Indeed, the survey of Graham, Harvey, and Rajgopal (2005), introduced in Section 8.10 , found that
most respondents indicated a willingness to manage real variables in order to meet earnings targets
and/or smooth earnings, rather than risk the legal and reputation consequences of aggressive
accounting policies. Use of accounting policy variables for earnings management purposes received
relatively little support from the respondents. Note that earnings management by real variables
manages cash flows as well as earnings. Roychowdhury (2006) reported empirical evidence
consistent with real earnings management. He found that firms with earnings close to zero
opportunistically manage real variables, such as sales discounts, production levels, R&D and other
discretionary expenditures, so as to increase reported earnings. However, in the remainder of this
chapter, we concentrate primarily on management of reported earnings based on accounting
variables rather than real variables due to their historical importance, their relevance to accounting,
and the probability that the lessons of Enron and WorldCom will grow dim over time. Figure 11.1
outlines the organization of this chapter.

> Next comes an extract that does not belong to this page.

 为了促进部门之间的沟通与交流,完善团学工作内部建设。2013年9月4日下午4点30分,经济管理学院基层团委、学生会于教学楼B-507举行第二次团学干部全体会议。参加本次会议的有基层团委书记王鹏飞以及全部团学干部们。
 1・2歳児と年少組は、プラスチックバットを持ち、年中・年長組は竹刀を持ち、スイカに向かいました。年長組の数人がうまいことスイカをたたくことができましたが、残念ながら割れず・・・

Managers may engage in a variety of earnings management patterns. Here, we collect and briefly
summarize them.

1. Taking a bath This can take place during periods of organizational stress or restructuring. If a firm
must report a loss, management may feel it might as well report a large one—it has little to lose at
this point. Consequently, it will take a “big bath” by writing off assets, providing for expected future
costs, and generally “clearing the decks.” Because of accrual reversal, this enhances the probability of
future reported profits. In effect, the recording of large writeoffs puts future earnings “in the bank.”
2. Income minimization This is similar to taking a bath, but less extreme. Such a pattern may be
chosen by a politically visible firm during periods of high profitability, or when firms seek legislation
to protect themselves from foreign competition. Policies that suggest income minimization include
rapid writeoffs of capital assets and intangibles, and the expensing of advertising and R&D
expenditures. Income tax considerations, such as use of LIFO inventory as currently allowed in the
United States, provide another set of motivations for this pattern.

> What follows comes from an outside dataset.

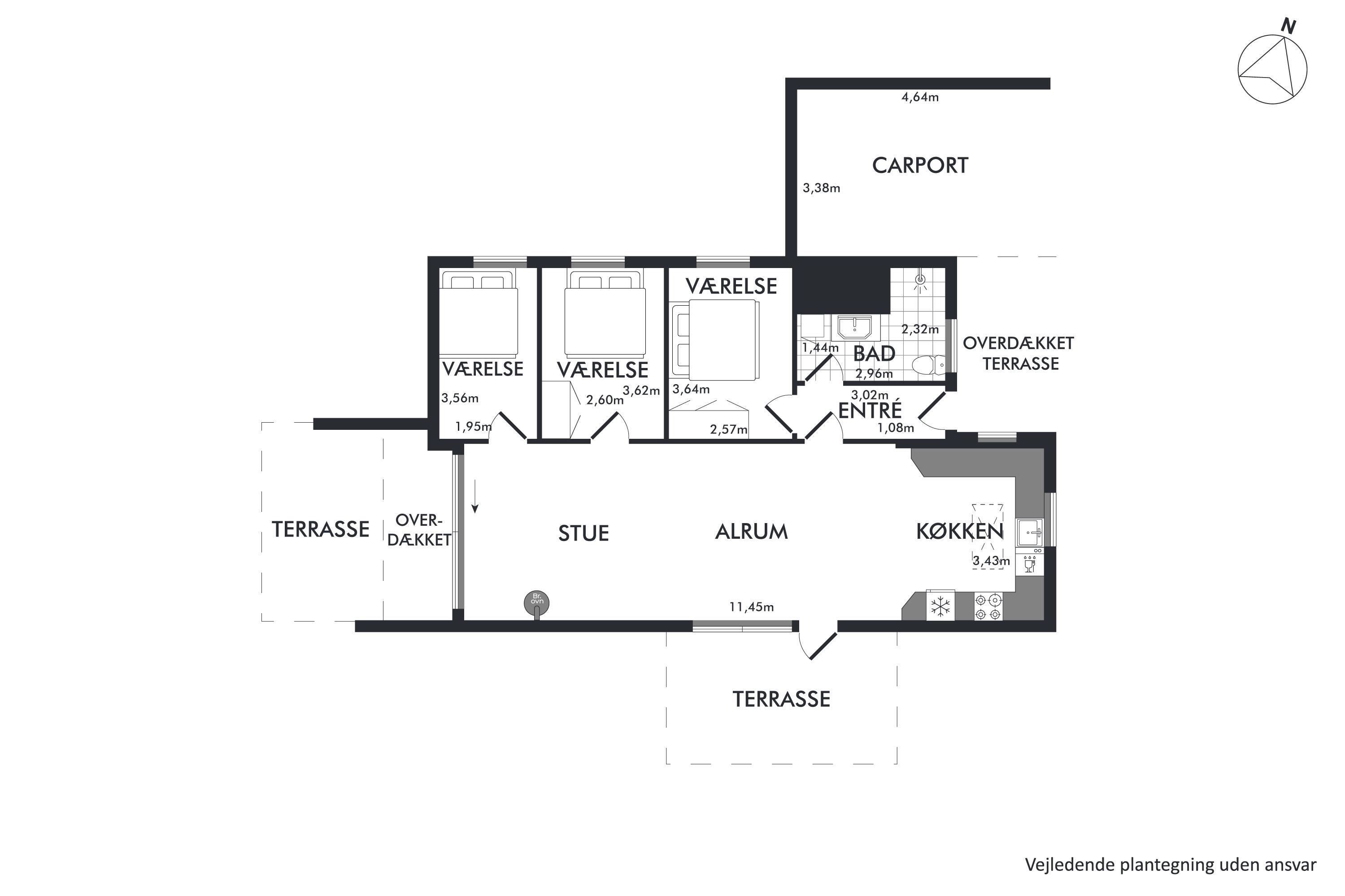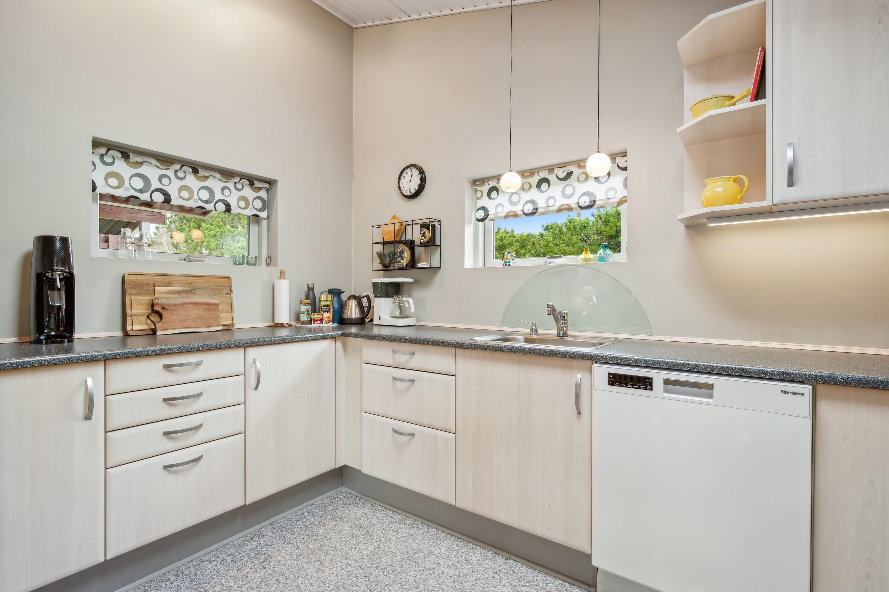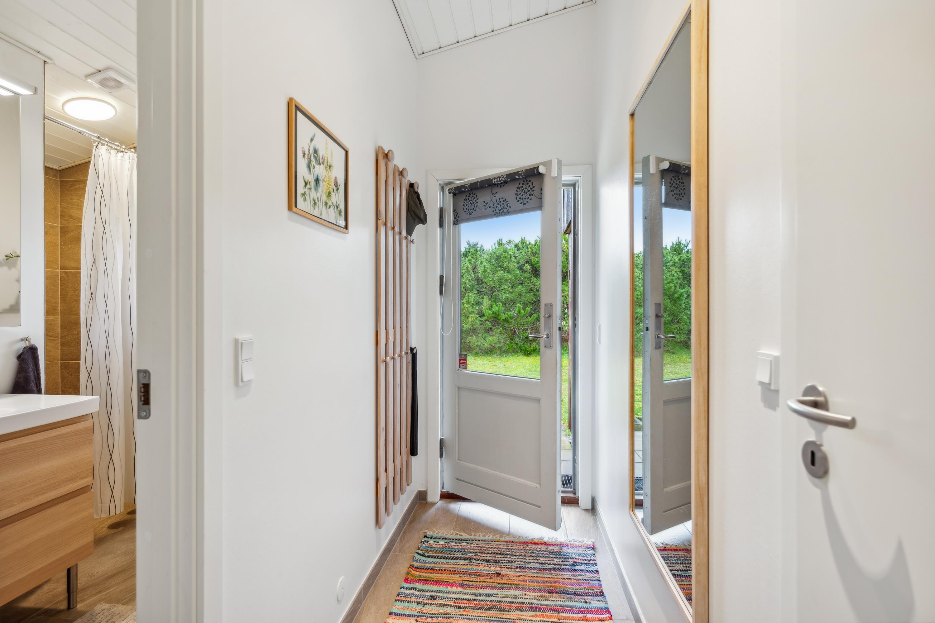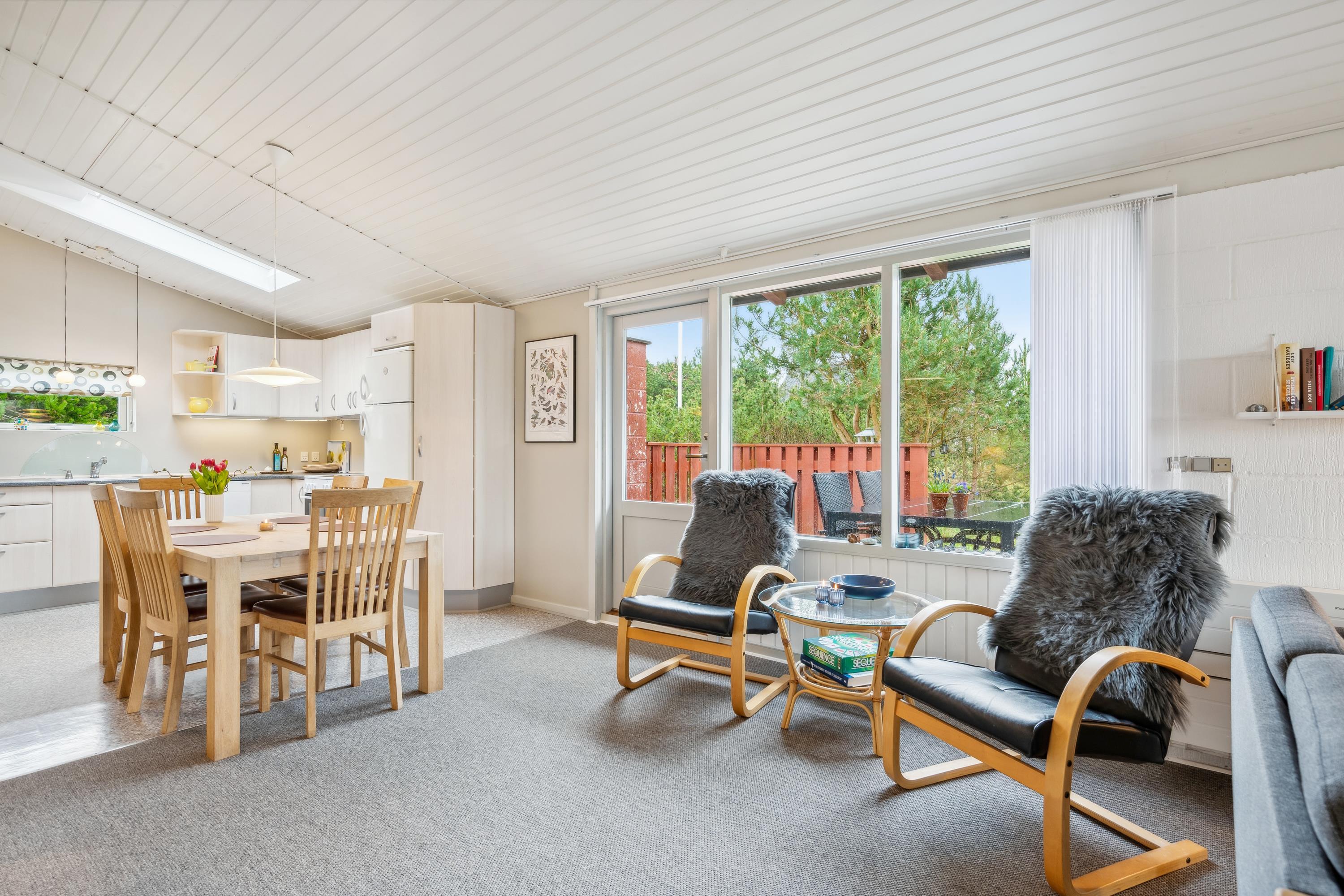 Dieses Ferienhaus liegt in schöner Umgebung in Strandnähe und auf einem schönen Naturgrund mit Bäumen und Büschen und teilweise überdachter Terrasse mit Gartenmöbeln und Grill. Gemütliches Wohnzimmer mit Holzofen, TV mit SAT-Anlage und Stereoanlage mit CD. Küche mit Elektroherd, Kühlschrank mit kleinem Gefrierfach und Geschirrspüler. Badezimmer mit Dusche. Die Schlafplätze verteilen sich auf 3 Schlafzimmer: 2 mit Einzelbetten und 1 Bett 120X200. Für die kleinen Feriengäste finden Sie Kinderbett und Kinderhochstuhl. Carport.

3. Income maximization From contract theory, managers may engage in a pattern of maximization of
reported net income for bonus purposes, providing this does not put them above the cap. Firms that
are close to debt covenant violations may also maximize income.

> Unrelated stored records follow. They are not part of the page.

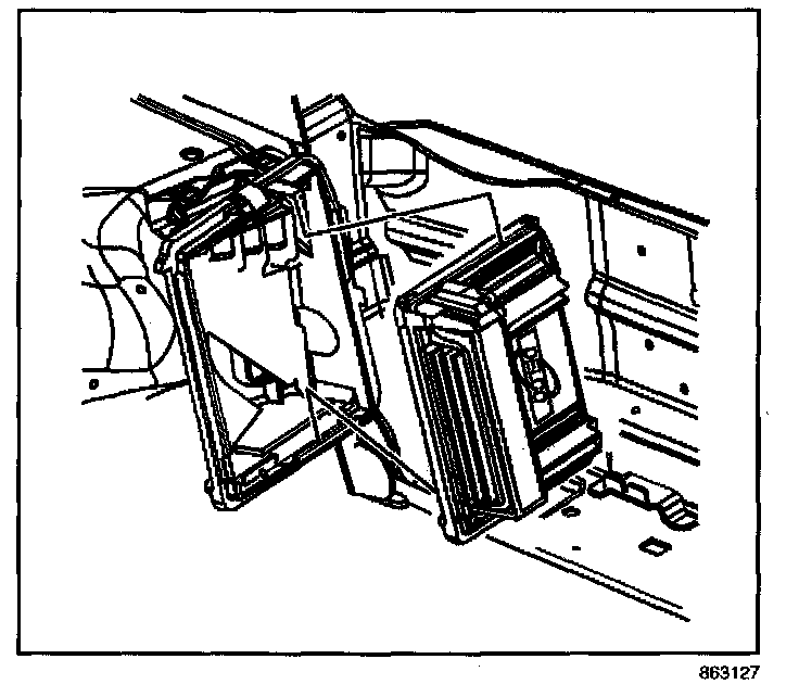 1. Install the PCM to the PCM mounting bracket ensuring that the mounting tabs are engaged.
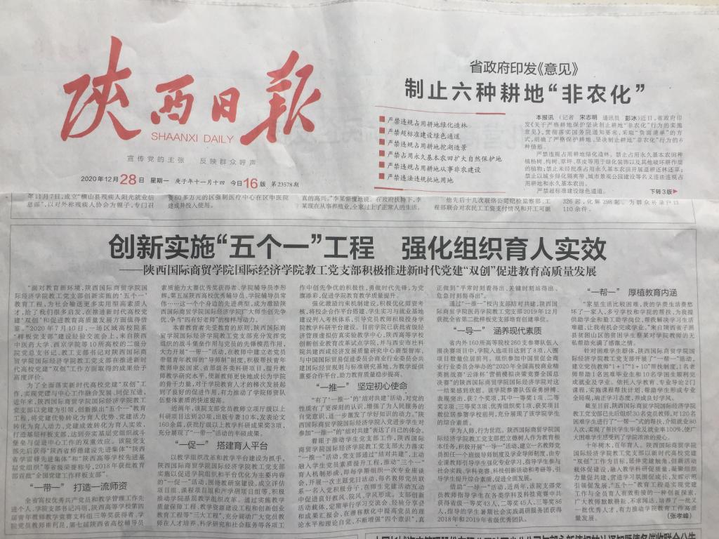 2020年12月28日,《陕西日报》刊登了我院全国党建工作样板支部“创新实施‘五个一’工程,强化组织育人实效”特色工作案例纪实报道。(http://esb.sxdaily.com.cn/pc/content/202012/28/content_745071.html)
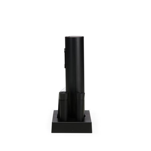 Kit vinho com seis peças, incluindo saca-rolhas recarregável com acionamento por botões, bico dosador, duas rolhas plásticas, cortador de lacre e base organizadora. Acompanha cabo USB-C. Altura : 21 cm Largura : 4,5 cm Espessura : 14,2 cm Tamanho total aproximado (CxL): Medidas dos itens do kit: Saca-rolhas recarregável (A X L X Circuf.): 21 cm x 5,5 cm x 14,2 cm Bico dosador (C X L): 9,7 cm x 3,1 cm Rolha (C X L): 7,6 cm x 2,4 cm Cortador de lacre (C X L): 7,8 cm x Peso aproximado (g): 275

4. Income smoothing This is perhaps the most interesting earnings management pattern. From a
contracting theory perspective, risk-averse managers prefer a less variable bonus stream, other
things equal. Consequently, managers may smooth reported earnings over time so as to receive
relatively constant compensation. Efficient compensation contracting may exploit this effect, and
condone some income smoothing as a low-cost way to attain the manager’s reservation utility. We
considered covenants in long-term lending agreements in Section 9.5 . The more volatile the stream
of reported net income, the higher the probability that covenant violation will occur. This provides
another smoothing incentive—to reduce volatility of reported net income so as to smooth covenant
ratios over time. Managers may feel, with some justification, that they may be fired when reported
earnings are low. Income smoothing can reduce the likelihood of reporting low earnings. Finally,
firms may smooth reported net income for external reporting purposes. If used responsibly,
smoothing can convey inside information to the market by enabling the firm to credibly
communicate its expected persistent earning power. It should be apparent that these various
earnings management patterns can be in conflict. Over time, the pattern chosen by a firm may vary
due to changes in contracts, levels of profitability, and political visibility. Even at a given point in time,
the firm may face conflicting needs, say, to reduce reported net income for political reasons, increase
it to meet analysts’ forecasts, or smooth it for contracting purposes.